_What to do:_ Copy out exactly the lines from the one containing "Details • Size" through the end of the records, and no pictures.

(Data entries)
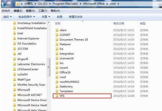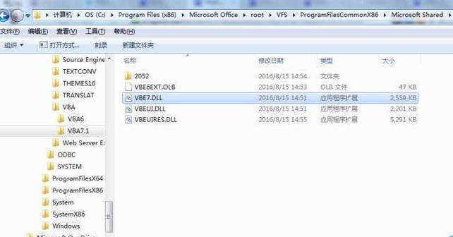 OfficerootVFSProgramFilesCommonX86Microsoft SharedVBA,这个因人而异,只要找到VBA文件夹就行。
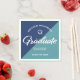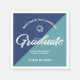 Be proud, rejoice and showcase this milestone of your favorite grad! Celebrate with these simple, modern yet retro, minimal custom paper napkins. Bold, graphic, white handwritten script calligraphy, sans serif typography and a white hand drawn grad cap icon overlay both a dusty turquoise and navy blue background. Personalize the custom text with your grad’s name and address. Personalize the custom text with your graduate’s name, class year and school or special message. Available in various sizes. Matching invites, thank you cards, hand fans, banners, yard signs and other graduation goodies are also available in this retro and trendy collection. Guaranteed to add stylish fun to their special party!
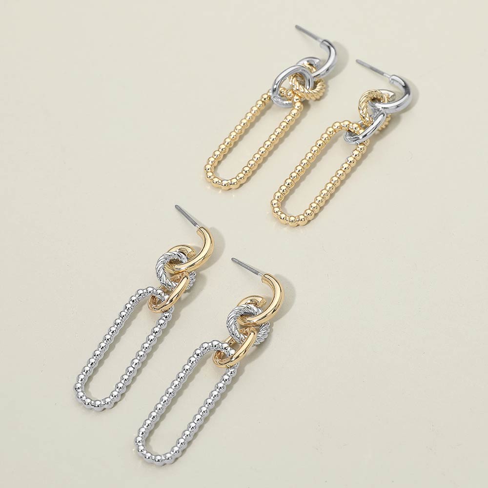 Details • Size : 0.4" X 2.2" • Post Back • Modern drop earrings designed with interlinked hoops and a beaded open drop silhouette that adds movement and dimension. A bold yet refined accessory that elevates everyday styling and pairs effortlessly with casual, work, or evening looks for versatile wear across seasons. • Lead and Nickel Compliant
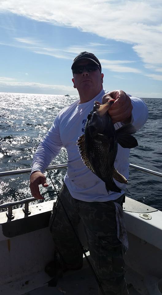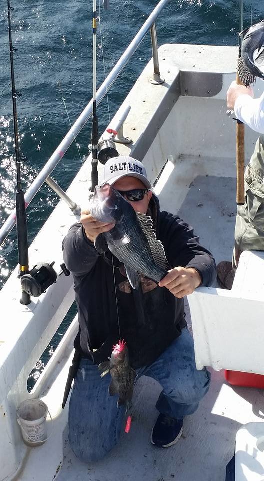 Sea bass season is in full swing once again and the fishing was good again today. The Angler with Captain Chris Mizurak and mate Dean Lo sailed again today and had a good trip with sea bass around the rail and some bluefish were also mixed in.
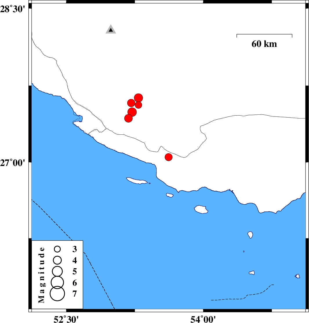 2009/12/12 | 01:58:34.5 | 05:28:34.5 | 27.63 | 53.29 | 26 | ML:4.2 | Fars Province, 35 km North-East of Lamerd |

_Output of the task:_
 Details • Size : 0.4" X 2.2" • Post Back • Modern drop earrings designed with interlinked hoops and a beaded open drop silhouette that adds movement and dimension. A bold yet refined accessory that elevates everyday styling and pairs effortlessly with casual, work, or evening looks for versatile wear across seasons. • Lead and Nickel Compliant
 Sea bass season is in full swing once again and the fishing was good again today. The Angler with Captain Chris Mizurak and mate Dean Lo sailed again today and had a good trip with sea bass around the rail and some bluefish were also mixed in.
 2009/12/12 | 01:58:34.5 | 05:28:34.5 | 27.63 | 53.29 | 26 | ML:4.2 | Fars Province, 35 km North-East of Lamerd |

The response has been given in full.